YOUR GOAL:
Repeat the lines from the one containing "Top > シュリ・アンマ・バガヴァンによる教え" through the last line of the data, exactly, pictures omitted.

DATA PROVIDED:

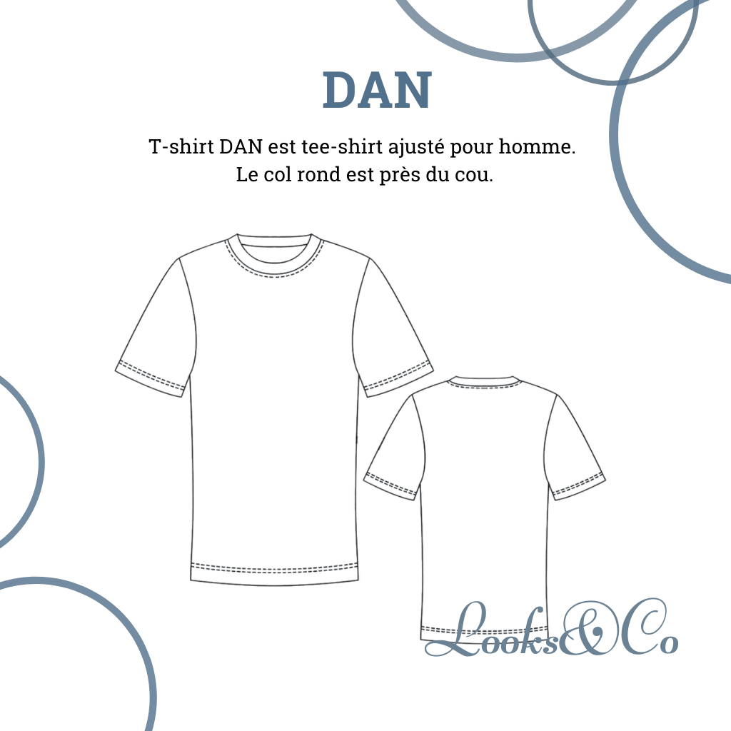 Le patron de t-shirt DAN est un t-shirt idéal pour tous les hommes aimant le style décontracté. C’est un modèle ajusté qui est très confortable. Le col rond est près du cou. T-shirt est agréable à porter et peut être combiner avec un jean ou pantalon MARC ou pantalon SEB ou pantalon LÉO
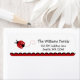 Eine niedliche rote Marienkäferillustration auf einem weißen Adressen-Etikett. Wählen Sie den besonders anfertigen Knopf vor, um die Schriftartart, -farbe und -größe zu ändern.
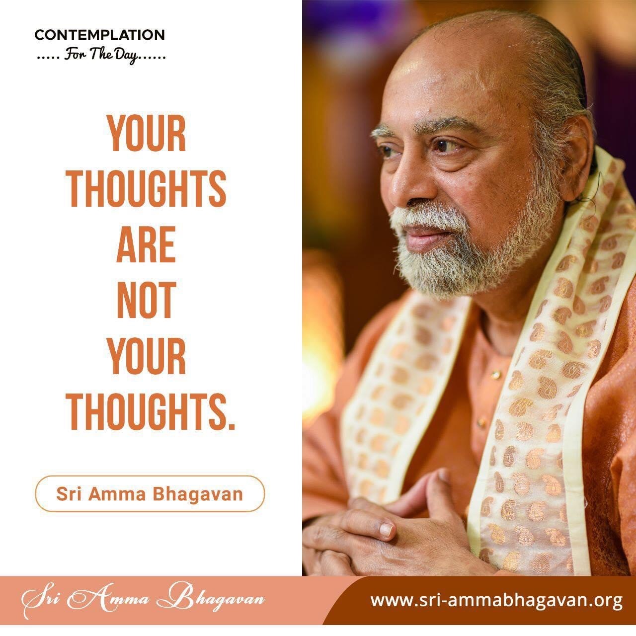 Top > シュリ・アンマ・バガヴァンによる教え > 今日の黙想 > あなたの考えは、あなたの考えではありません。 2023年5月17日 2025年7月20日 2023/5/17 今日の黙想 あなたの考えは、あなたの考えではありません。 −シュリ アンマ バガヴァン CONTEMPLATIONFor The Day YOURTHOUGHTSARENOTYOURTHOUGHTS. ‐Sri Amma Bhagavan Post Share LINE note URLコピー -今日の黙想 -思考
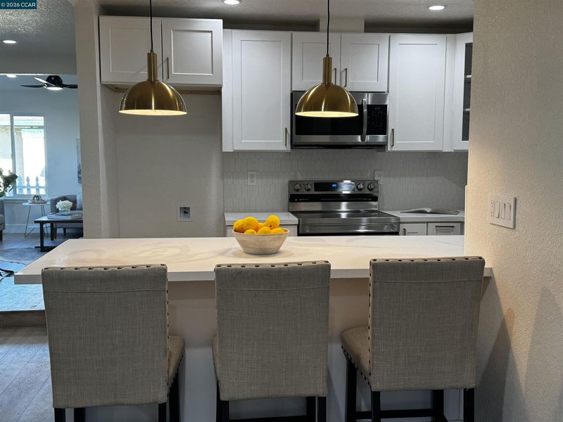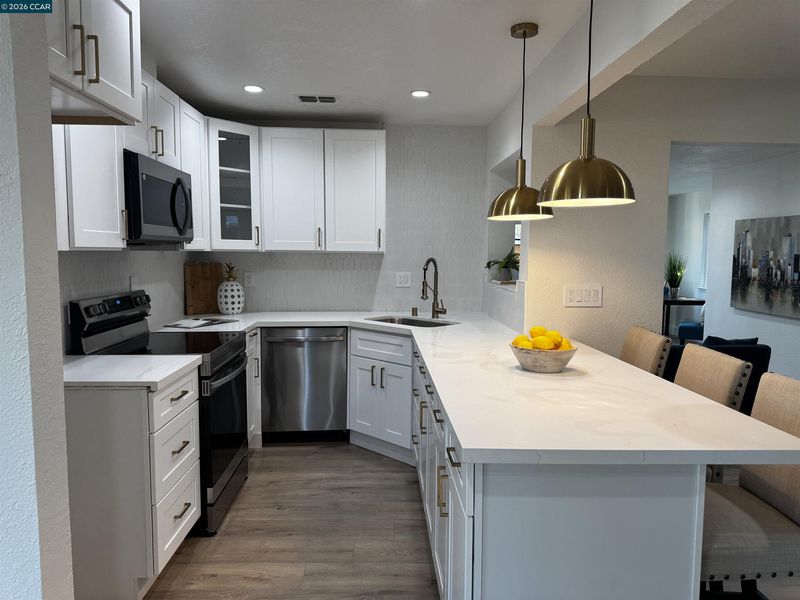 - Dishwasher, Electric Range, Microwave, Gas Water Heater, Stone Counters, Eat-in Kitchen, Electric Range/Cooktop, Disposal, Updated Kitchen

TASK SOLUTION:
 Top > シュリ・アンマ・バガヴァンによる教え > 今日の黙想 > あなたの考えは、あなたの考えではありません。 2023年5月17日 2025年7月20日 2023/5/17 今日の黙想 あなたの考えは、あなたの考えではありません。 −シュリ アンマ バガヴァン CONTEMPLATIONFor The Day YOURTHOUGHTSARENOTYOURTHOUGHTS. ‐Sri Amma Bhagavan Post Share LINE note URLコピー -今日の黙想 -思考
 - Dishwasher, Electric Range, Microwave, Gas Water Heater, Stone Counters, Eat-in Kitchen, Electric Range/Cooktop, Disposal, Updated Kitchen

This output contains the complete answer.